* WHAT YOU HAVE TO DO: Using the material below, print the line that contains "An aerial drone", the line that contains "荔枝纹牛皮+复古金币扣,皮质", and every line in between, exactly and nothing else.

* GIVEN DATA:
▼

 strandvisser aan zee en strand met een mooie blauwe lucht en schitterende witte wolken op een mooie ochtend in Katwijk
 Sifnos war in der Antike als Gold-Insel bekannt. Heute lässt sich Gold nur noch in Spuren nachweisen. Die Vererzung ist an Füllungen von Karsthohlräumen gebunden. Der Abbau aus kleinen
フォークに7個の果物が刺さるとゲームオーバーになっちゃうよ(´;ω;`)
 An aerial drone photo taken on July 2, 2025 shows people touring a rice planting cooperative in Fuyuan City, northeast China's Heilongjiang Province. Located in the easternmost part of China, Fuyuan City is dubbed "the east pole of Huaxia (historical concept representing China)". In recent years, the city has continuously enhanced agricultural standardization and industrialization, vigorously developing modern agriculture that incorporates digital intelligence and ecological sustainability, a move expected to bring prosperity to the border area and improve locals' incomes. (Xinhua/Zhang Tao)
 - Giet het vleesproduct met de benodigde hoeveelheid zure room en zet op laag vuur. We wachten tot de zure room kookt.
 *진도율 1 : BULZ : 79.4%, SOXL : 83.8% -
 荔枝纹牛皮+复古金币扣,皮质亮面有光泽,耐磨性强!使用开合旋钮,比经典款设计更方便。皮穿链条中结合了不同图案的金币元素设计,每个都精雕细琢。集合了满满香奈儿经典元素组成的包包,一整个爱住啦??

▲
▼

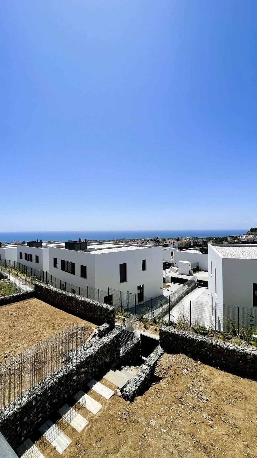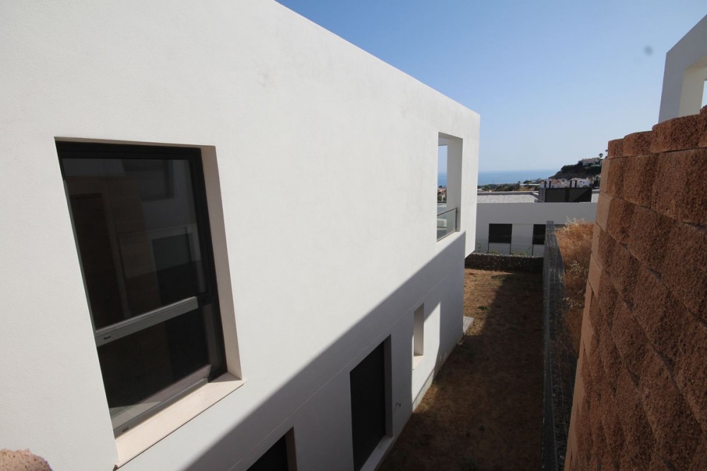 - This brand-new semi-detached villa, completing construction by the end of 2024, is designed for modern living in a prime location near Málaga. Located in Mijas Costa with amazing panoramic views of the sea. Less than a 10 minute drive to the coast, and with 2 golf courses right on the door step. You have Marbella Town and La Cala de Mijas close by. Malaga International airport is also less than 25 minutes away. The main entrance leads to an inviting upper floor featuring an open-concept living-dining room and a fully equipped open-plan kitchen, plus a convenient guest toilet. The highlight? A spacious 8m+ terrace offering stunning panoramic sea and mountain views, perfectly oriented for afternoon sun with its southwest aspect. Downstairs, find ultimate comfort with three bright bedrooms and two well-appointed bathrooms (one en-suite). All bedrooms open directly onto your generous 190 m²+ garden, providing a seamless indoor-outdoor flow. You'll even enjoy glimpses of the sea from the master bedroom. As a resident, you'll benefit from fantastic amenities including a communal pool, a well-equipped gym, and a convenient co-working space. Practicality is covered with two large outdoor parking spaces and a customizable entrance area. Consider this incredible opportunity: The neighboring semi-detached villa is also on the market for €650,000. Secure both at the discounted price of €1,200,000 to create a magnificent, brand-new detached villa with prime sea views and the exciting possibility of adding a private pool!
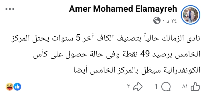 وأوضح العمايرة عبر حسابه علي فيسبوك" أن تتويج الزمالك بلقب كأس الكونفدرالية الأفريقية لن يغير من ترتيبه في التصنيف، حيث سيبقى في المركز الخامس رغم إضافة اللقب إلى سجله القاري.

▲

* RESULT FOR THIS TASK:
 An aerial drone photo taken on July 2, 2025 shows people touring a rice planting cooperative in Fuyuan City, northeast China's Heilongjiang Province. Located in the easternmost part of China, Fuyuan City is dubbed "the east pole of Huaxia (historical concept representing China)". In recent years, the city has continuously enhanced agricultural standardization and industrialization, vigorously developing modern agriculture that incorporates digital intelligence and ecological sustainability, a move expected to bring prosperity to the border area and improve locals' incomes. (Xinhua/Zhang Tao)
 - Giet het vleesproduct met de benodigde hoeveelheid zure room en zet op laag vuur. We wachten tot de zure room kookt.
 *진도율 1 : BULZ : 79.4%, SOXL : 83.8% -
 荔枝纹牛皮+复古金币扣,皮质亮面有光泽,耐磨性强!使用开合旋钮,比经典款设计更方便。皮穿链条中结合了不同图案的金币元素设计,每个都精雕细琢。集合了满满香奈儿经典元素组成的包包,一整个爱住啦??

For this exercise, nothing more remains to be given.